Created attachment 243563 [details] pkg -d update output from version 1.20.4 I am running FreeBSD 12.4-RELEASE-p3 and use ports-mgmt/poudriere to create a package repository. This repository is hosted on a web server accessed by other machines and jails. The web server uses digest authentication to provide basic privacy for the contents of that repository (aiming to hide precise software version numbers). ports-mgmt/pkg version 1.19.2 works without issue. Version 1.20.4 fails. Running pkg -d update I can see that version 1.20.4 attempts to fetch from my web server using basic HTTP authentication but does not use digest authentication in response to the server's 401 reply. My pkg repository configuration: my_poudriere_repo: { url: "http://redactedusername:redactedpassword@pkg/${VERSION_MAJOR}${VERSION_MINOR}${ARCH}-default" enabled: true, signature_type: "pubkey" pubkey: "/etc/ssl/keys/my_pkg_repo.pub" mirror_type: "none" } I have attached a redacted version of the output from pkg -d update. I note that pkg began to use libcurl in place of fetch from version 1.20.0. Workarounds: - Lock ports-mgmt/pkg to version 1.19.2 before updating packages by running: # pkg lock ports-mgmt/pkg - Remove digest authentication from webserver, switching to basic or none.

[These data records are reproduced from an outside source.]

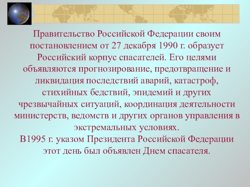Слайд 3Правительство Российской Федерации своим постановлением от 27 декабря 1990 г. образует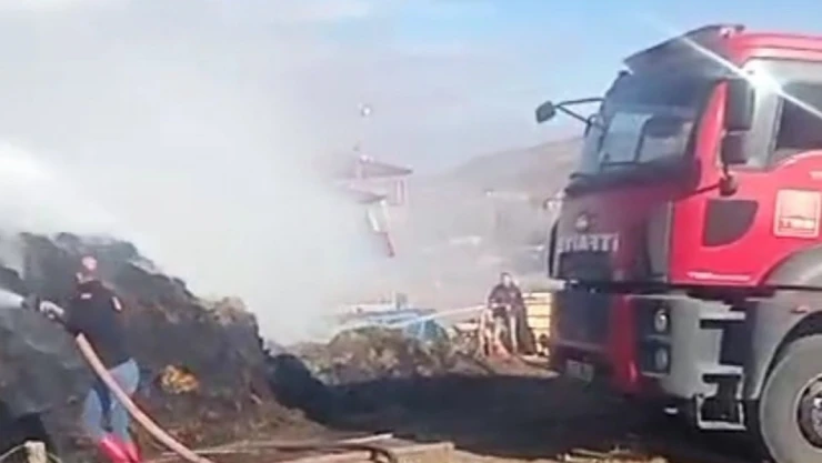 Iğdır'ın Tuzluca ilçesinde bir evin soba bacasından çıkan kıvılcımlar yakındaki 2500 ot balyasını küle çevirdi.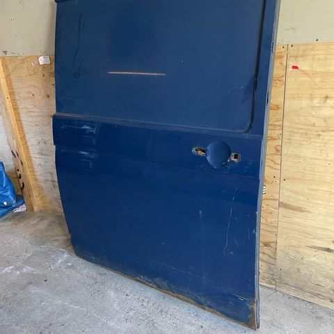 Volkswagen auton ovi sinisenä. Ovi on käytetty ja siinä on näkyviä kolhuja ja naarmuja. Lukon kahva on puuttuva.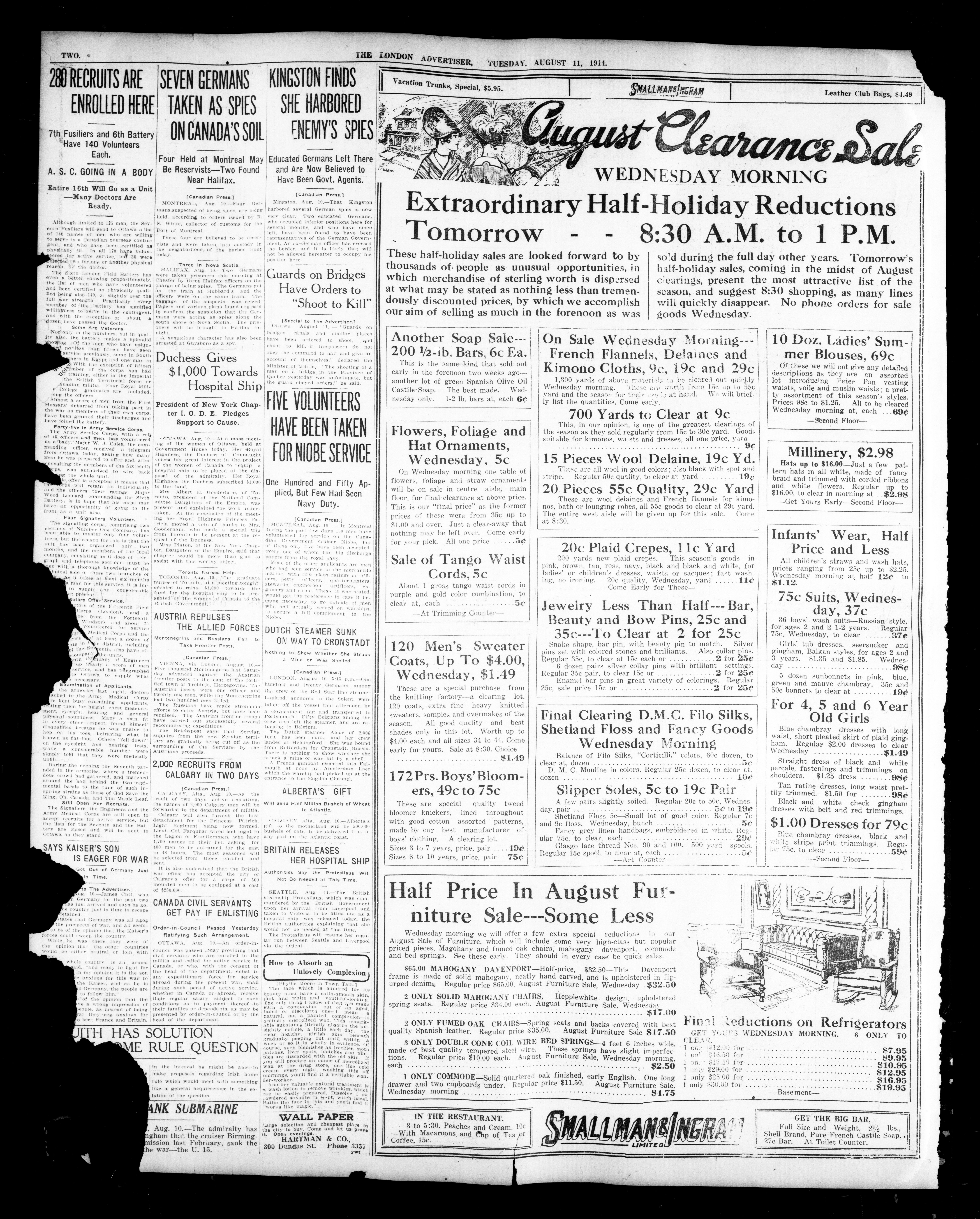 - The London Advertiser : 51st Year, No. 22107 (August 11, 1914)

See also the related discussion on the FreeBSD forums here: https://forums.freebsd.org/threads/problem-updating-packages.89687/ For the benefit of people searching, the output when running pkg update looks like: Updating my_package_repository repository catalogue... pkg: An error occured while fetching package pkg: An error occured while fetching package repository my_package_repository has no meta file, using default settings pkg: An error occured while fetching package pkg: An error occured while fetching package Unable to update repository my_package_repository Error updating repositories!
Created attachment 243772 [details] always allow all supported auth can you try adding the patch into the files/ directory of the pkg ports and try again? it should fix your issue.
Created attachment 243823 [details] pkg -d update output from patched version of 1.20.4 Thank you, that is working well. I have attached a redacted version of the output from pkg -d update, using the patched version. I also watched the HTTP traffic using tcpdump and was happy not to see the password transmitted in the clear (as one would expect with basic HTTP authentication), appreciating that if I wanted proper security I should be using HTTP over TLS.
Fixed in 1.20.6
FTR: Digest is a deprecated mechnism due to its complexity and use of MD5/SHA-1.